What is needed: Once you find the line containing "2024年第98场百场校级学术讲座 | 姚君喜:中国文化的全球传播:路径与内容" in the data below, copy it and each following line exactly, up to and including the line containing "白鮭(北海道)8g 芋15g 南瓜12g", and nothing else.

Dataset entries:

╭──

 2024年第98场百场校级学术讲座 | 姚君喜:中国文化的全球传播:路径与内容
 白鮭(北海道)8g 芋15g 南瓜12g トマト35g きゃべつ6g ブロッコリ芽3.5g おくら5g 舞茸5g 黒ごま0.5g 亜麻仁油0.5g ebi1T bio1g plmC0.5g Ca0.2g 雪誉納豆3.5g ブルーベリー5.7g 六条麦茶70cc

╰──
╭──

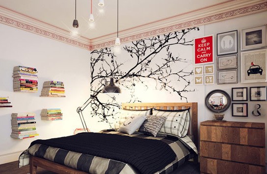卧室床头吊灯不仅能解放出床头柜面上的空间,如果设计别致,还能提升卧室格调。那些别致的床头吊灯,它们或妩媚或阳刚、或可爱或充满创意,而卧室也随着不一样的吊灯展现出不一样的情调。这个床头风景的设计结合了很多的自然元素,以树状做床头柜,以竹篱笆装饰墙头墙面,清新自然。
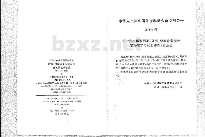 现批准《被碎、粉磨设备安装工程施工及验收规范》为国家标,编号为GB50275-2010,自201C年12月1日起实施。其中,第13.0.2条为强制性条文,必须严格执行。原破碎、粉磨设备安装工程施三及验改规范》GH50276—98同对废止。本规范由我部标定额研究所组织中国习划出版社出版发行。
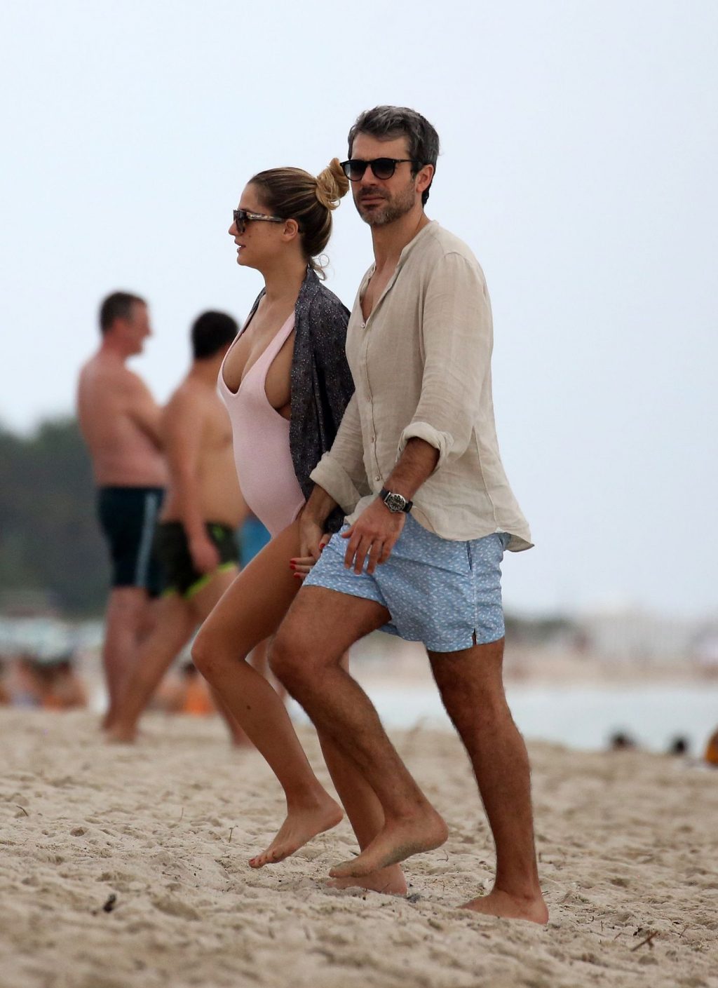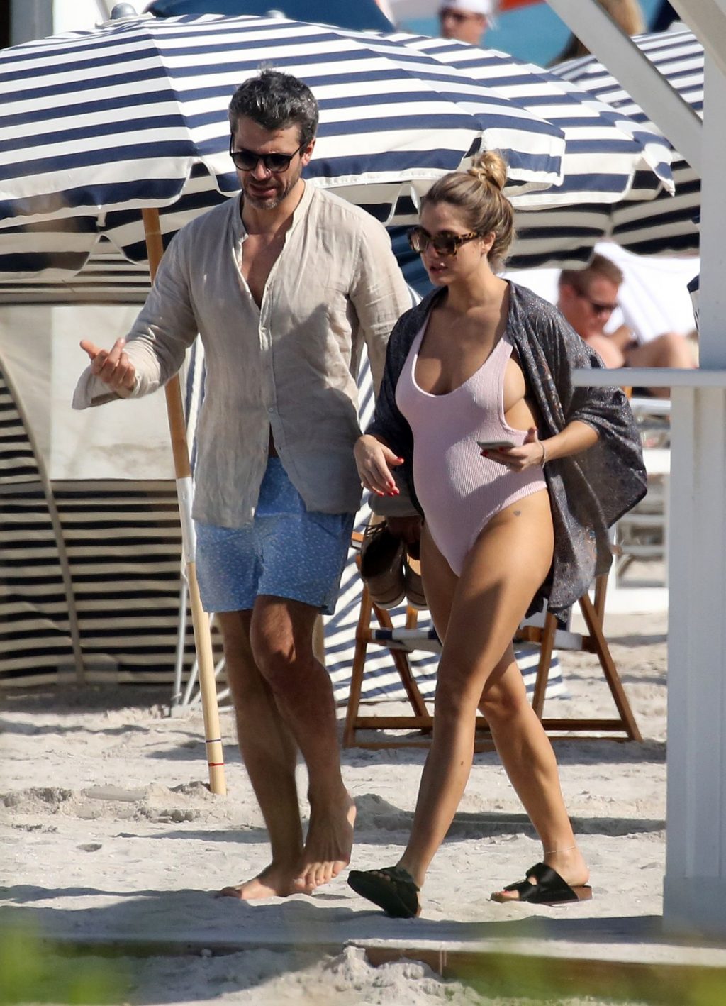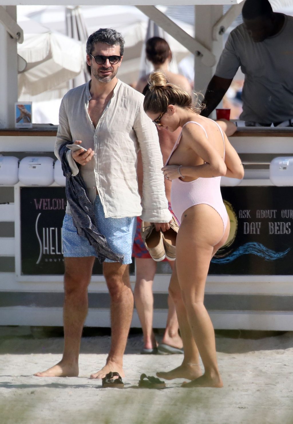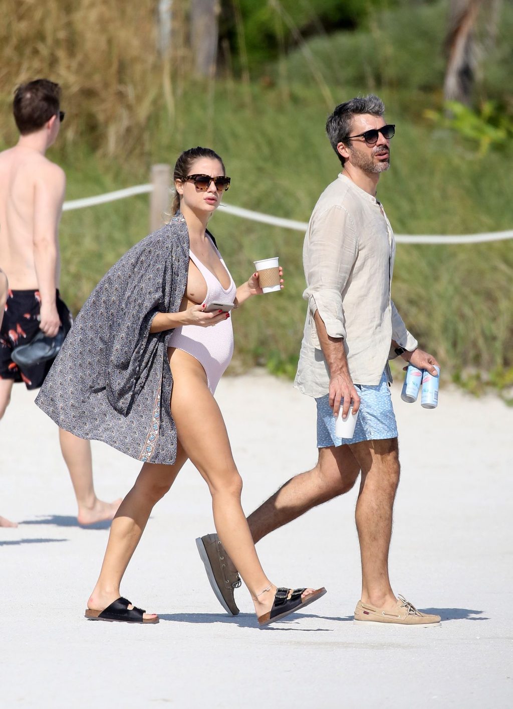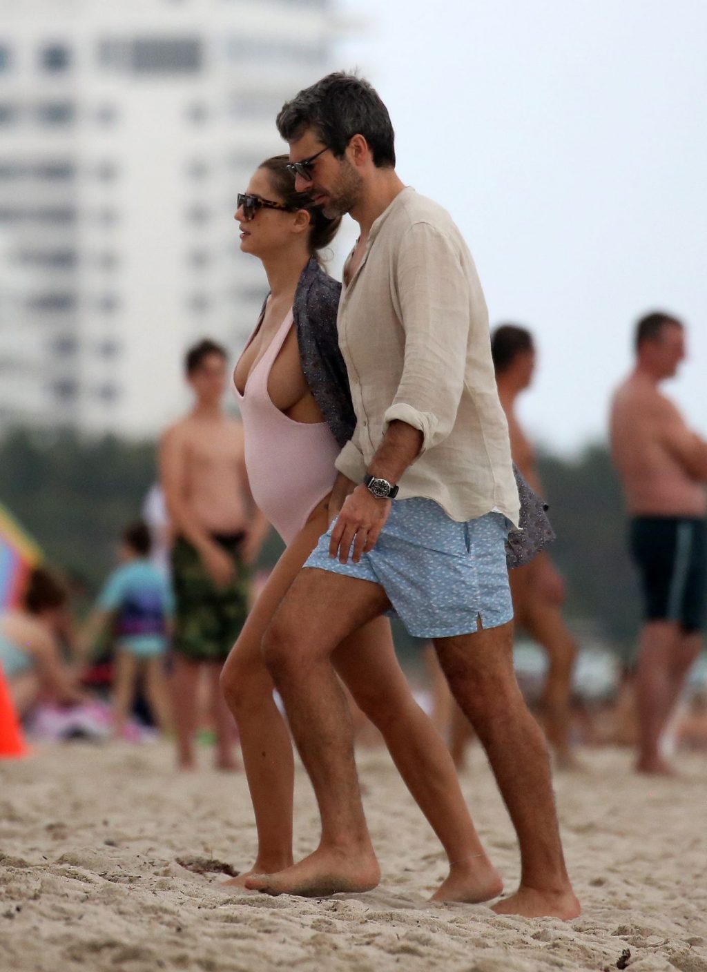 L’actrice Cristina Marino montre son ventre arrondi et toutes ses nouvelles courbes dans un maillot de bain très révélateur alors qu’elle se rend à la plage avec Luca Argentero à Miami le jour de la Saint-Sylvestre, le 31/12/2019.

╰──
╭──

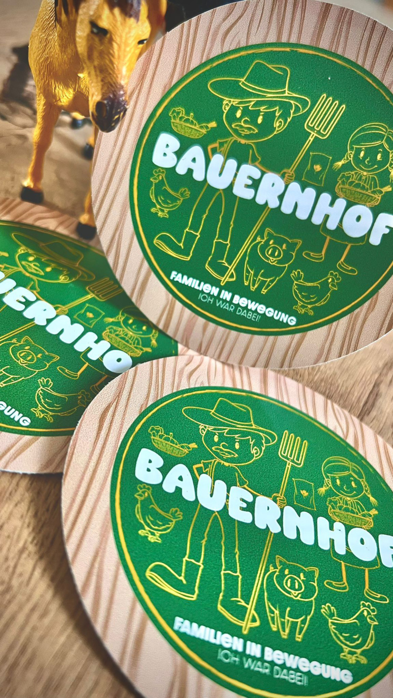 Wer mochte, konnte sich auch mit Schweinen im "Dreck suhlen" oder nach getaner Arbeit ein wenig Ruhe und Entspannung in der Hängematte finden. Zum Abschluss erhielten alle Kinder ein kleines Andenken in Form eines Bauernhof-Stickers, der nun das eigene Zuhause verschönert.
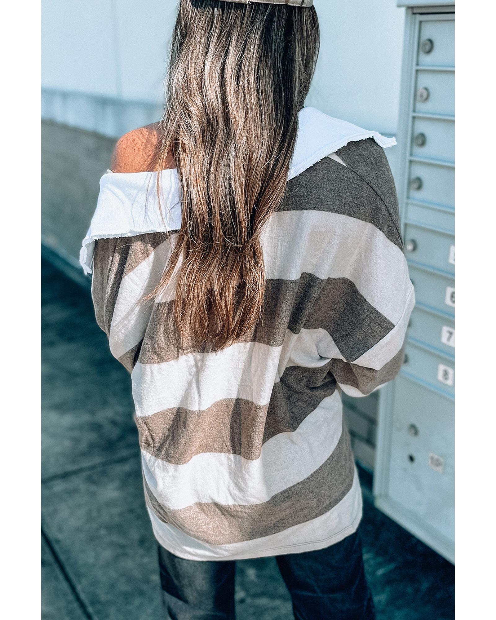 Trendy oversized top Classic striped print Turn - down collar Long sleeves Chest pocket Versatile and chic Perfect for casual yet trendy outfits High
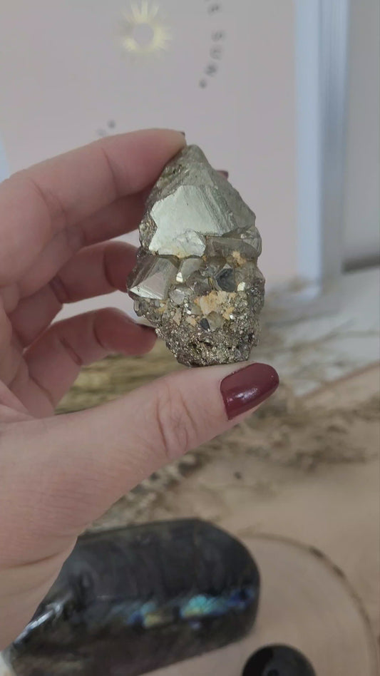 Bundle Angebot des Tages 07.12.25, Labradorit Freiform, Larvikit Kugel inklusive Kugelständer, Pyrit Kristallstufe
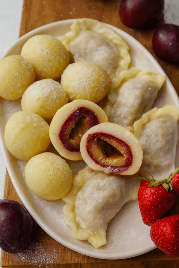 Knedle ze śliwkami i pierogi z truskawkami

╰──

Output of the task:
 2024年第98场百场校级学术讲座 | 姚君喜:中国文化的全球传播:路径与内容
 白鮭(北海道)8g 芋15g 南瓜12g トマト35g きゃべつ6g ブロッコリ芽3.5g おくら5g 舞茸5g 黒ごま0.5g 亜麻仁油0.5g ebi1T bio1g plmC0.5g Ca0.2g 雪誉納豆3.5g ブルーベリー5.7g 六条麦茶70cc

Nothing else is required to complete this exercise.